Cybersecurity Architect (GRC & Risk)

TL;DR

Cybersecurity Architect (GRC & Risk): Leading security governance, risk, and control assessments for enterprise clients with an accent on third-party due diligence and maturity framework alignment. Focus on translating complex technical findings into actionable remediation plans and executive-ready security strategies.

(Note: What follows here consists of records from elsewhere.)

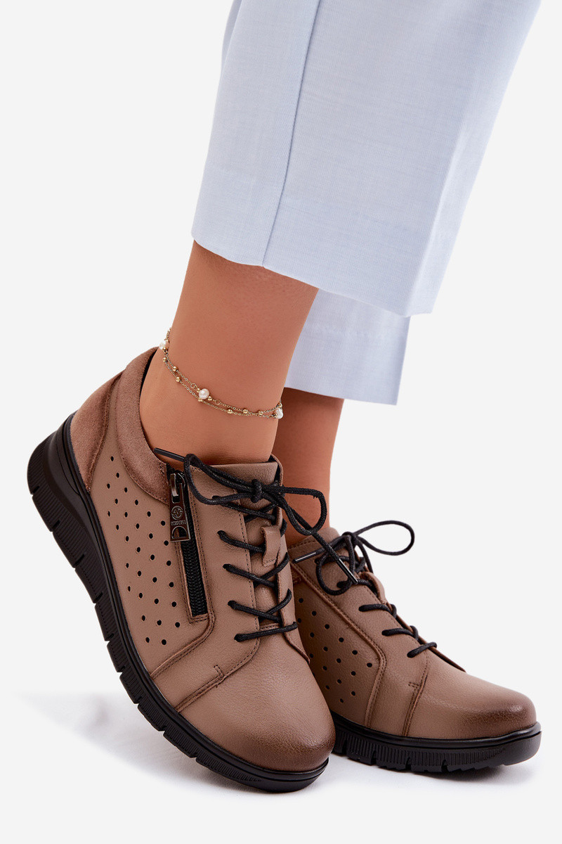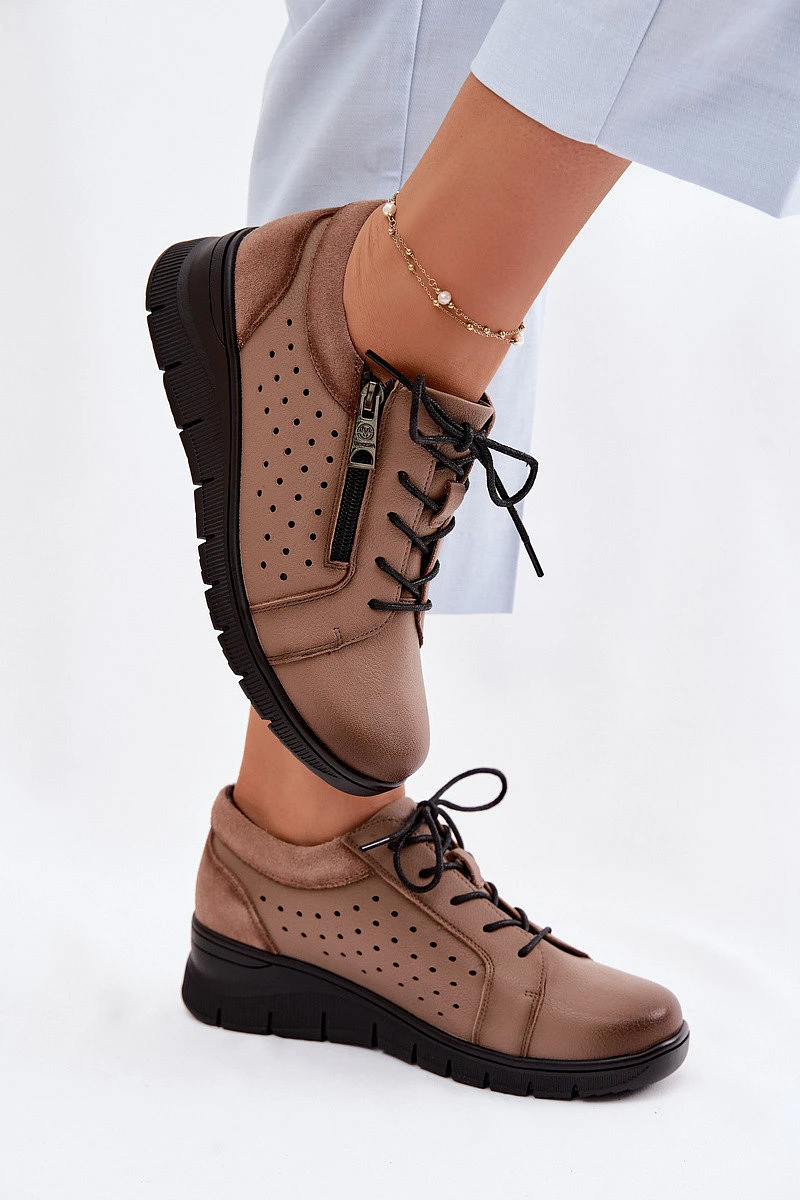 Kožené dámské polobotky na platformě model 22100867 Béžové - VINCEZA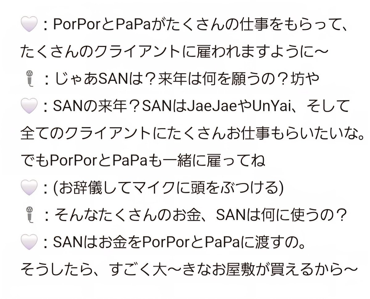 🐳🐻‍❄️ I hope PhorPhor and Papa get lots of work and have many clients hiring them~ 🗣️ And what about you, San? What do you wish for next year,sweetie ? 🐳🐻‍❄️ For San next year? San hopes the Je-jehs, the Grandmas, and all the clients will hire San a lot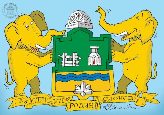 Роль щитодержателей на гербе Смагина исполняют слоны, а девиз гласит: “Екатеринбург – родина слонов”.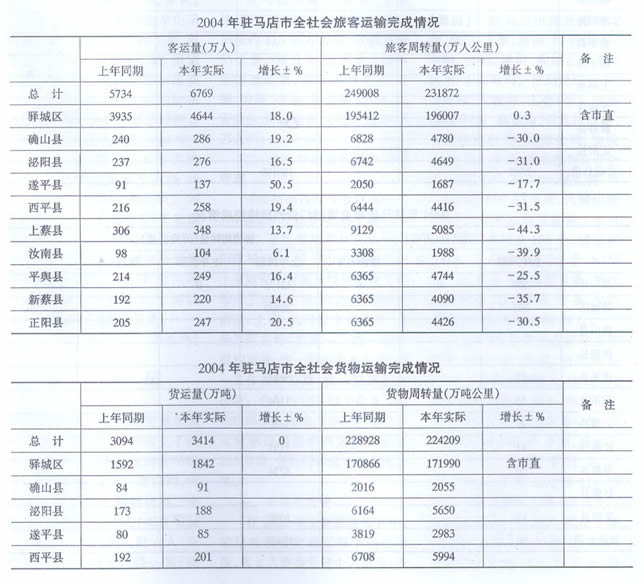 【公路运输】 全市完成客运量6769万人,客运周转量231872万人公里;货运量3414万吨货运周转量224209万吨公里;完成运管费1852万元,完成年计划的123%;客票附加费1289万元,完成年计划的94%;货运附加费1115万元,完成年计划的97%。围绕年度目标主要做了以下几个方面的工作:
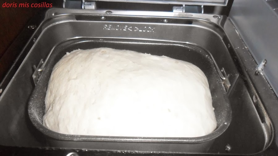 Hacer con los dedos un hueco en la harina y en él desmenuzamos la levadura fresca y tapamos con ella. Encendemos la máquina y damos al programa de amasado y levado. Dura una hora y media y se llama DOUGH.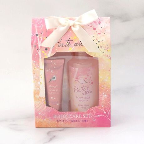 保湿成分配合のボディソープ、ハンドクリームとスポンジの3点が入ったボディケアセット。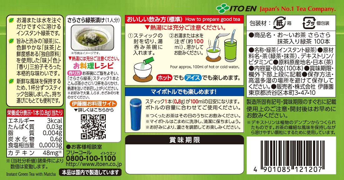原材料:茶(緑茶・抹茶)、デキストリン、ビタミンC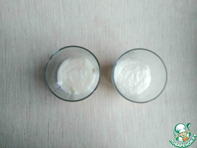 Выложите в стеклянные стаканы по 3 или 4 столовых ложки массы из поленты.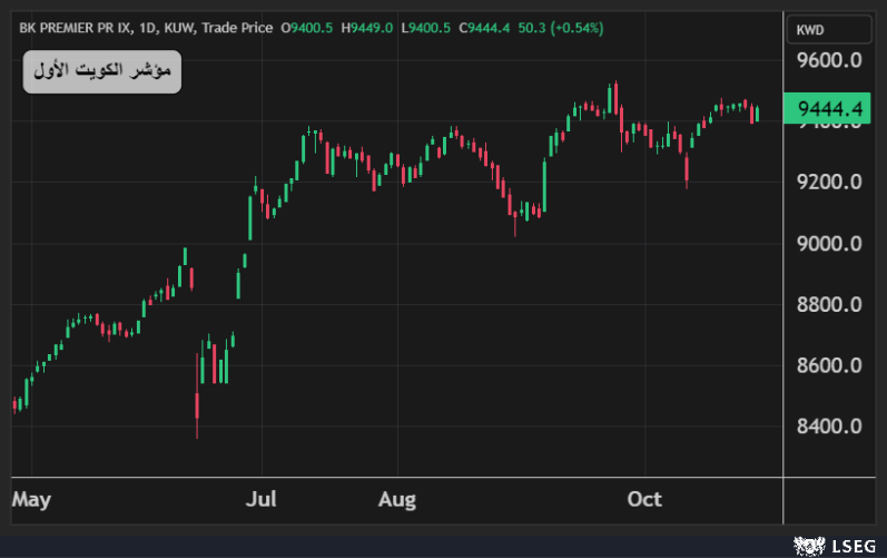 ارتفع مؤشر الكويت الأول بنسبة 0.5% في يوم الثلاثاء مسجلاً أعلى مكاسب يومية في أسبوعين بدعم من ارتفاع سهمي بيتك وبنك وربة بنسبة 0.5% و1.1% على التوالي.

Location: Herzliya, Israel (Hybrid)

Company

hirify.global provides a SaaS platform and expert services that enable security leaders to execute optimized security programs with significant business impact.

What you will do

• Lead customer third-party security due diligence assessments.
• Facilitate mitigation workshops to prioritize remediation workplans based on assessment findings.
• Perform security maturity assessments aligned with the NIST CSF 2.0 framework.
• Develop and refine security methodologies, processes, and architectural guidance.
• Analyze technical findings to identify governance, risk, and control gaps.
• Produce structured reports and summaries for both technical and non-technical stakeholders.

Requirements

• 3-4 years of experience in cybersecurity GRC, IT risk, compliance, or audit roles.
• Strong understanding of governance, risk management, and operational security processes.
• Familiarity with frameworks such as NIST CSF and ISO 27001.
• Conceptual understanding of cloud and SaaS shared responsibility models.
• Ability to communicate technical issues in business-aligned language.
• Strong writing, communication, and facilitation skills.

Nice to have

• Hands-on experience with security controls implementation.

Culture & Benefits

• Opportunity to work with global enterprise clients across multiple industries.
• Collaboration with CISOs and security leaders.
• Exposure to advanced security frameworks and methodologies.
• Professional environment focused on high-impact security programs.